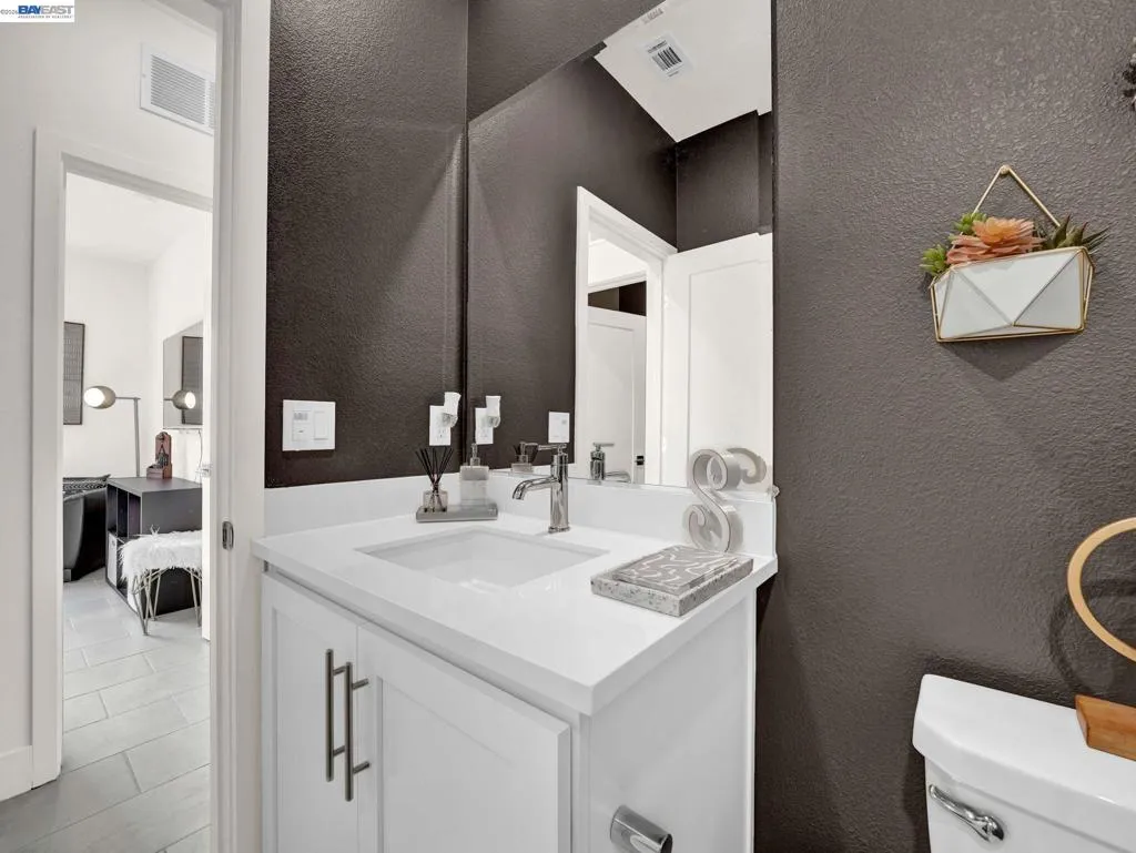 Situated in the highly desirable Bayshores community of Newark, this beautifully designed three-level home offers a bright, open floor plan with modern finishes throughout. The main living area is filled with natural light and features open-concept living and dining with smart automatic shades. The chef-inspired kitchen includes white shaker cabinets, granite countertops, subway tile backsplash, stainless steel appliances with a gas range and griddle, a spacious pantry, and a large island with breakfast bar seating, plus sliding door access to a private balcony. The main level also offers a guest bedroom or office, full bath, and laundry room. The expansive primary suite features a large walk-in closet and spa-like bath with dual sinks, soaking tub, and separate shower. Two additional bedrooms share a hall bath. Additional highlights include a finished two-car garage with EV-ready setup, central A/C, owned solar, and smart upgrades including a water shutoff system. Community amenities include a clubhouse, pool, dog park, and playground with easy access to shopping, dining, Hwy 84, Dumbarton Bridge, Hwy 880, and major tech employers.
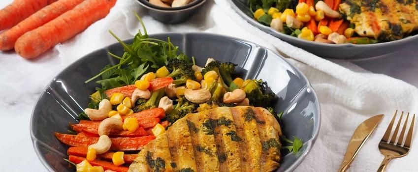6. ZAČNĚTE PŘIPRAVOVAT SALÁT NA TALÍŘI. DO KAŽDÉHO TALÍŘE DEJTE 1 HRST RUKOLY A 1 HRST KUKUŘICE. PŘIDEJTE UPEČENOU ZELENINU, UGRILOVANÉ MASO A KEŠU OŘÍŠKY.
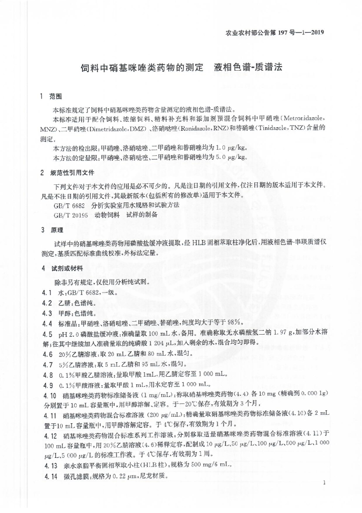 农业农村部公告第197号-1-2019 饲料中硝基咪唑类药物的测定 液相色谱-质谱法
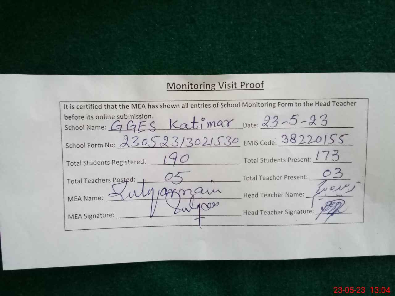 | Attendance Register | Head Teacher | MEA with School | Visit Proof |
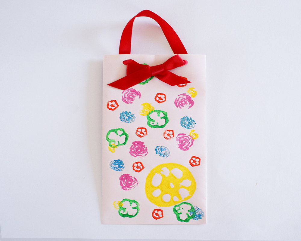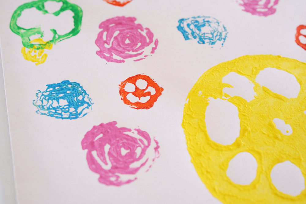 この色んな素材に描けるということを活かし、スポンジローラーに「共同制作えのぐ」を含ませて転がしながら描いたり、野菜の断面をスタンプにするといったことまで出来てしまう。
* * *
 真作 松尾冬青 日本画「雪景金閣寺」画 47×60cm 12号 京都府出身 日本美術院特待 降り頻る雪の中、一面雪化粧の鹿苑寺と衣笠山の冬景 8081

» WHAT IS NEEDED: Copy exactly the lines of the entries above from the one containing "Visit Proof |" through the one containing "この色んな素材に描けるという". Both end lines count; pictures do not.

» EXERCISE RESULT:
 | Attendance Register | Head Teacher | MEA with School | Visit Proof |
 この色んな素材に描けるということを活かし、スポンジローラーに「共同制作えのぐ」を含ませて転がしながら描いたり、野菜の断面をスタンプにするといったことまで出来てしまう。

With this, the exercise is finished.